S’adressant en particulier à la génération dite « numérique », le pape a relevé les « changements fondamentaux dans les modèles de communication et dans les rapports humains » déterminés par l’apparition d’Internet et par les nouvelles formes de communication que ce nouvel outil a introduites.

Dans des centaines de diocèses et d’institutions d’éducation catholique, ainsi que dans les médias, la publication du Message a été suivie d’une réflexion sur les paroles du pape.

A Rome, jeudi 23 avril, un congrès était organisé à l’Université pontificale du Latran sur le thème du Message.
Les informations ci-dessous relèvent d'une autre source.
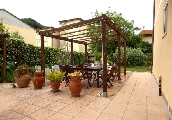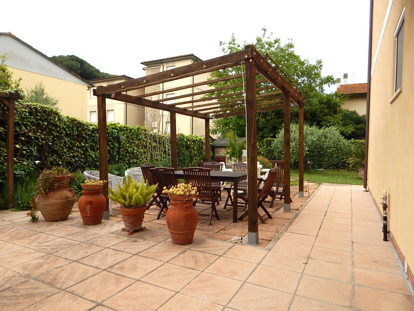 Marina di Castagneto Carducci - zona Cavallino Matto, a poca distanza dalla pista ciclabile per raggiungere comodamente il mare, si vende ampio trilocale al piano terra angolare con grande giardino attrezzato di tenda solarium, pergolato per stare e mangiare fuori, lavabo in muratura, barbecue ed una casetta in legno per il ricovero biciclette , attrezzi e con attacco della lavatrice.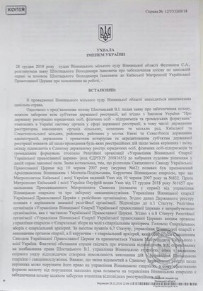 On December 28, 2018, Metropolitan Simeon (Shostatsky) appealed to the Vinnitsa City Court of Vinnitsa region with a statement of claim, in which he demands that he be reinstated as a ruling bishop of Vinnitsa eparchy. Documents of the court case were published on December 29 by Strana news outlet.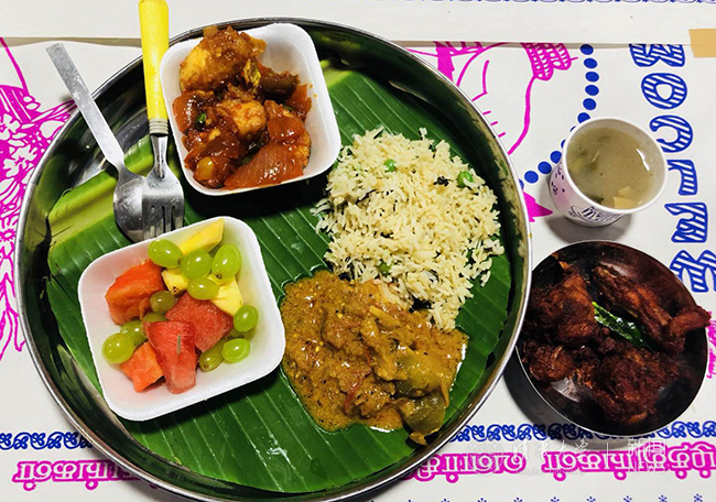 四天紧张的设计与建造也穿插着各种各样的特色活动,传统印度舞蹈配上邓丽君的经典歌曲《月亮代表我的心》,经典印度歌曲《Aankhein khuli》加上全体支队成员全新的舞蹈演绎,都带给人不一样的美感和和谐感。金奈建筑与设计学院还精心准备了印度传统食物炒米饭、鸡肉咖喱等。支队成员也尝试了当地的进餐方式,用手去感受食物的温度和质感。

Soeur Maria Antonia Chinello, religieuse de la communauté de Marie Auxiliatrice, a donné à cette occasion une conférence sur le thème « Identités dialogiques sur le réseau ».

Sœur Chinello enseigne sur « médias et famille » et « médias et mineurs » à la Faculté des Sciences de l’Education de l’Université Auxilium de Rome, ainsi qu’au laboratoire de communication à distance.
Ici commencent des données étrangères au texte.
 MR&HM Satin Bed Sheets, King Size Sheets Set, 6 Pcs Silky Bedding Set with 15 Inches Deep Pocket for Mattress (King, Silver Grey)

ZENIT s’est entretenu avec elle de la teneur du Message du pape, concernant notamment la nouvelle façon de concevoir et de conserver des amitiés à travers les nouvelles technologies, ainsi que des avantages et des risques que celles-ci impliquent pour la communication interpersonnelle.
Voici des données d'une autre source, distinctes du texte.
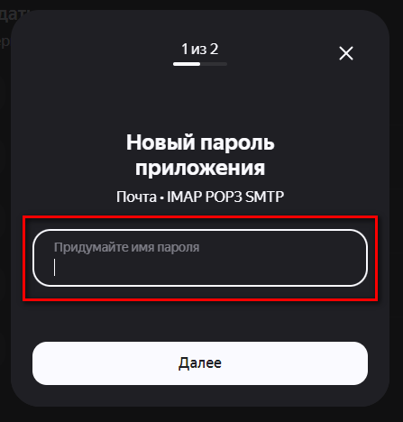 5) В открывшемся новом окне придумайте и введите пароль. Нажмите кнопку "Далее"

Zenit – Dans son nouveau Message pour la Journée mondiale des communications sociales, le pape insiste sur les amitiés en ligne. De quelle façon, selon vous, les nouvelles technologies peuvent-elles modifier le mode de relation et des communications ?

Sr M.A. Chinello – Les nouvelles technologies modifient le mode de relation parce qu’elles permettent de prolonger la rencontre face-à-face, d’avoir toujours quelqu’un à portée d’un click de souris. A toute heure du jour, et même de la nuit, il est possible de se connecter et de joindre ses amis, de « chatter », dialoguer, d’échanger des informations, de partager de la musique, des images, des vidéos. Ainsi, les amitiés peuvent-elles se maintenir en dépit des grandes distances, des barrières géographiques, des limites de l’espace.

Sur le plan de l’éducation, Internet, le web, est un canal relationnel qui offre aux enseignants, animateurs, éducateurs, la possibilité de rester en contact avec leurs étudiants, leurs élèves, de dialoguer avec eux, en dehors de l’environnement quotidien, parfois marqué par des tensions et des difficultés.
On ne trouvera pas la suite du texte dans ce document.